Information:
----------
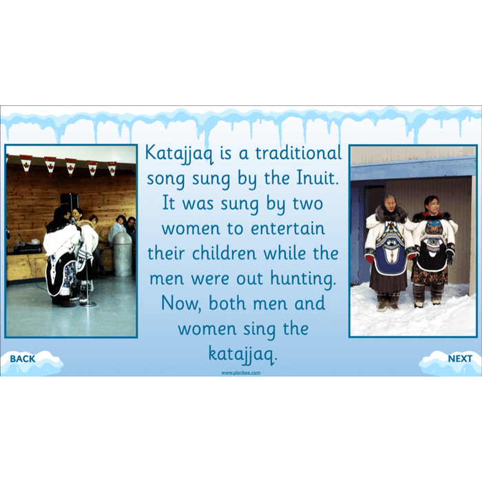 Enjoy the unique sound of the Inuit throat singing in this lesson as your class are introduced to this interesting and entertaining form of singing. Your class will love learning about the throat singing game Inuit women play and enjoy trying throat singing for themselves. They will also learn how to make sounds and echoes for Arctic objects and animals, working together in pairs to create a unique song.
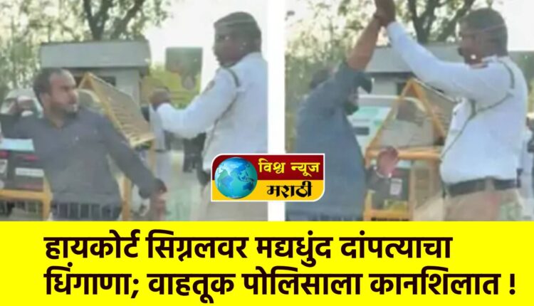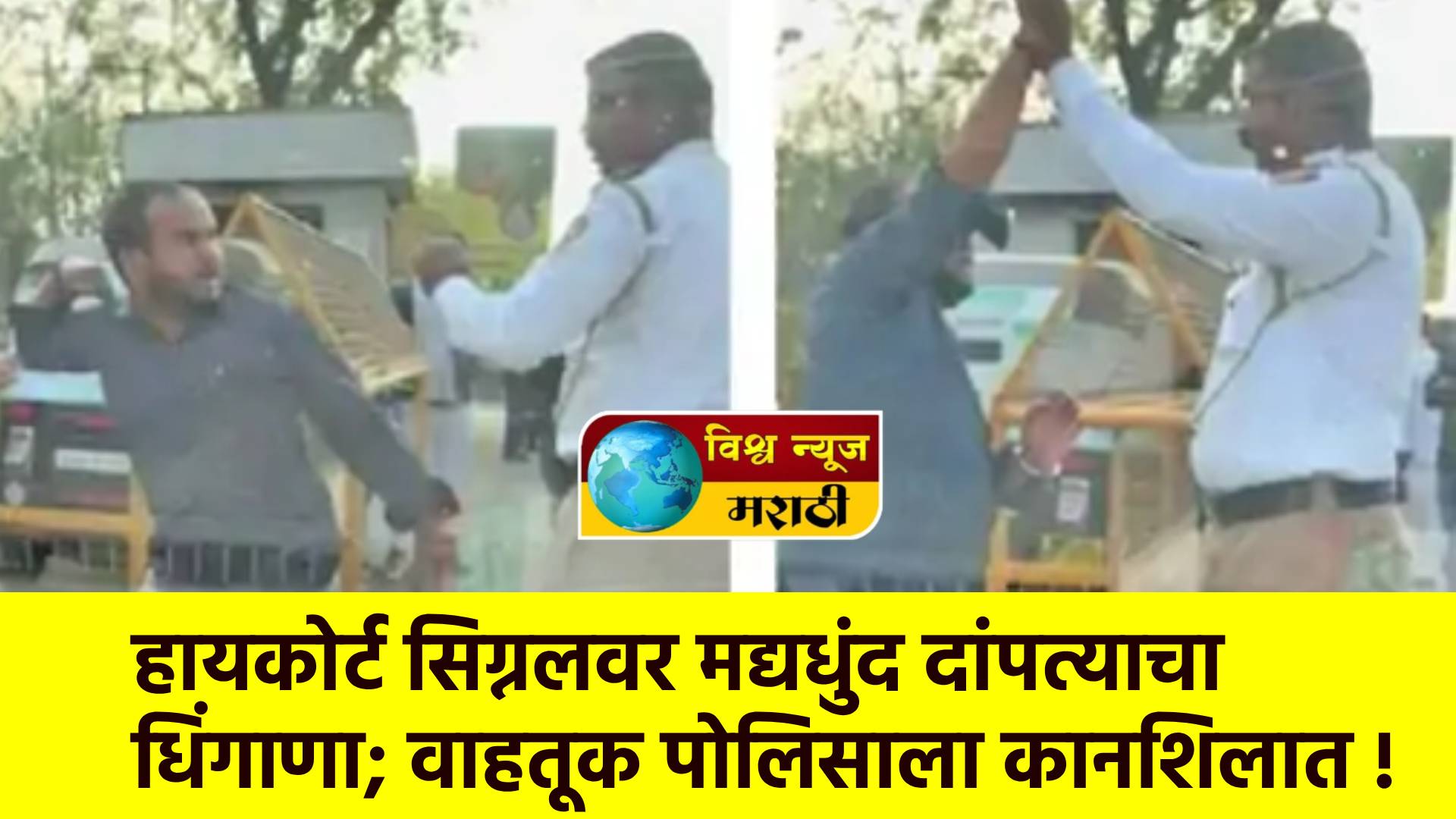 जालना रोडवरील हायकोर्ट सिग्नल परिसरात रविवारी (२२ फेब्रुवारी) सायंकाळी कर्तव्यावर असलेल्या वाहतूक पोलिसाला मद्यधुंद दुचाकीस्वार आणि त्याच्या पत्नीने भररस्त्यात मारहाण केल्याची संतापजनक घटना घडली. विशेष म्हणजे, मदतीसाठी वारंवार संदेश पाठवूनही पोलिसांना घटनास्थळी पोहोचण्यासाठी तब्बल एक तास लागला. या प्रकरणी सोमनाथ मुरलीधर गिरी (वय २७, रा. चांदननगर, ता. नेवासा) आणि त्याच्या पत्नीविरुद्ध गुन्हा नोंदवण्यात आला आहे.
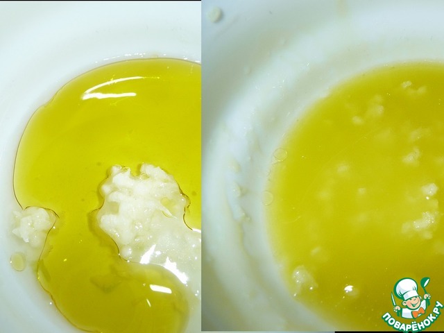 Для соуса смешать оливковое масло с соком лайма, выдавить чеснок, все хорошо перемешать.
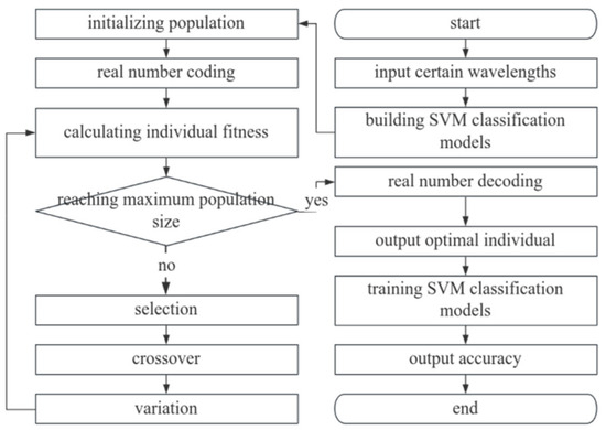 The experiment was based on the Python 3.7 programming environment, and the dataset was divided into a training set and test set according to a 7:3 ratio. The settings of the following parameters were decided based on research experience using the trial and error method and validated by the cross-validation method, using the classification accuracy as a decision criterion. In the wavelength selection algorithm, the number of GA population evolutions is 50, the population size is 90, the crossover probability is 0.8 and the mutation probability is 0.5. The maximum number of CARS iterations is 100, the maximum number of principal components is 20 and the number of cross-validations is 10. The maximum and minimum number of end elements of SPA are 20 and 5, respectively. In the RCGA parameter optimization algorithm, the maximum number of populations is 100, the number of population evolutions is 20, the crossover and variance rates are both 0.8 and the proportion of non-crossover parts is 0.5.
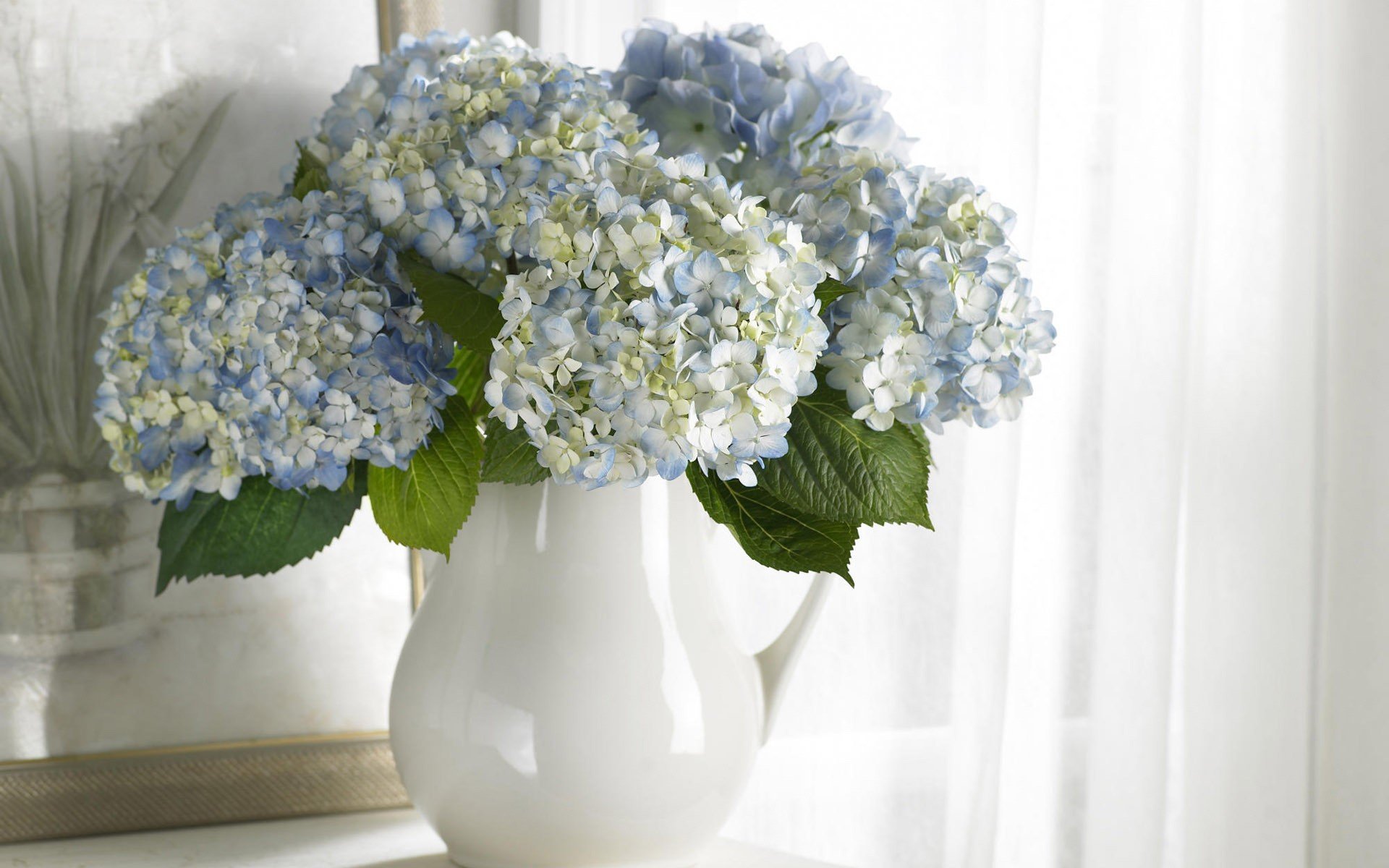 Weiße Vase mit Hortensienstrauß - desktop-Hintergrund
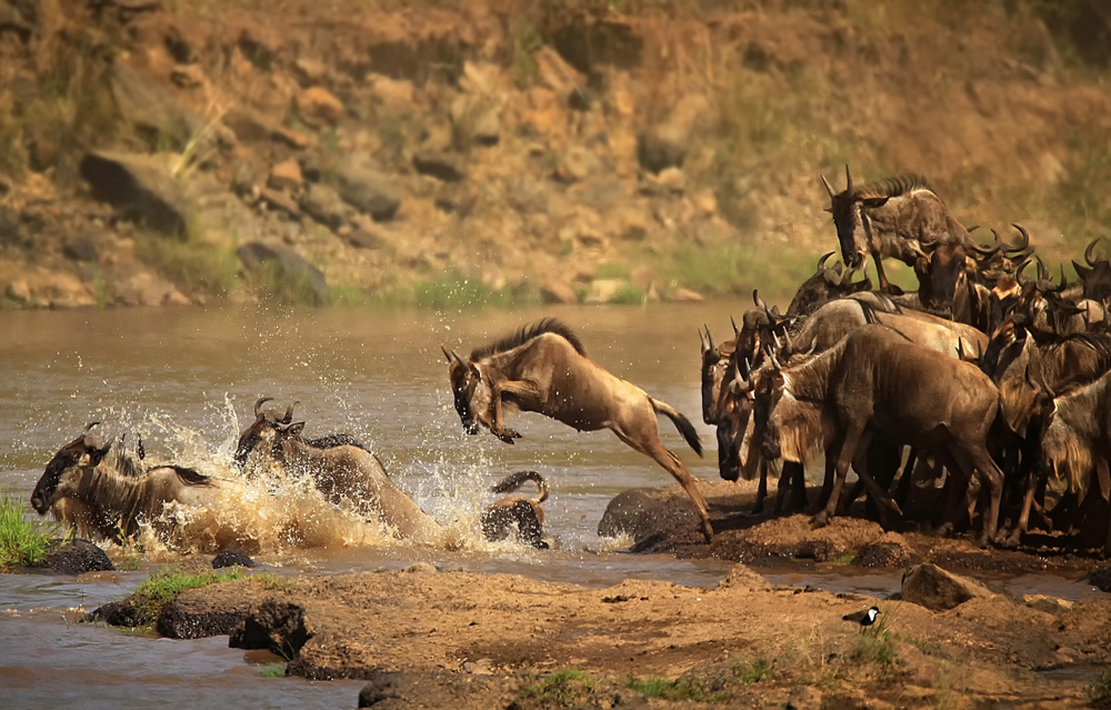ready to attack, so the wildebeest cross as fast as they can leaping as
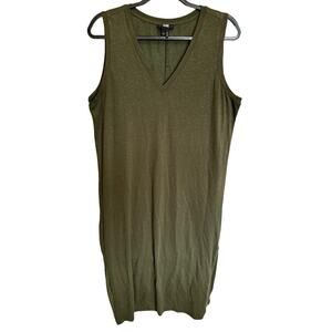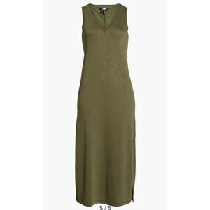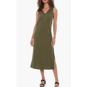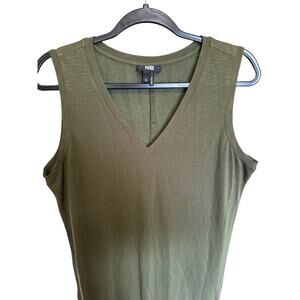 Paige Sage Dress Sleeveless Knit Tank V Neck Side Slit Midi Olive Green Size XL
----------
Try it: Using the records above, return word for word the lines that begin at the one containing "जालना रोडवरील हायकोर्ट" and end at the one containing "Для соуса смешать", both of them included and no pictures.

Response area:
 जालना रोडवरील हायकोर्ट सिग्नल परिसरात रविवारी (२२ फेब्रुवारी) सायंकाळी कर्तव्यावर असलेल्या वाहतूक पोलिसाला मद्यधुंद दुचाकीस्वार आणि त्याच्या पत्नीने भररस्त्यात मारहाण केल्याची संतापजनक घटना घडली. विशेष म्हणजे, मदतीसाठी वारंवार संदेश पाठवूनही पोलिसांना घटनास्थळी पोहोचण्यासाठी तब्बल एक तास लागला. या प्रकरणी सोमनाथ मुरलीधर गिरी (वय २७, रा. चांदननगर, ता. नेवासा) आणि त्याच्या पत्नीविरुद्ध गुन्हा नोंदवण्यात आला आहे.
 Для соуса смешать оливковое масло с соком лайма, выдавить чеснок, все хорошо перемешать.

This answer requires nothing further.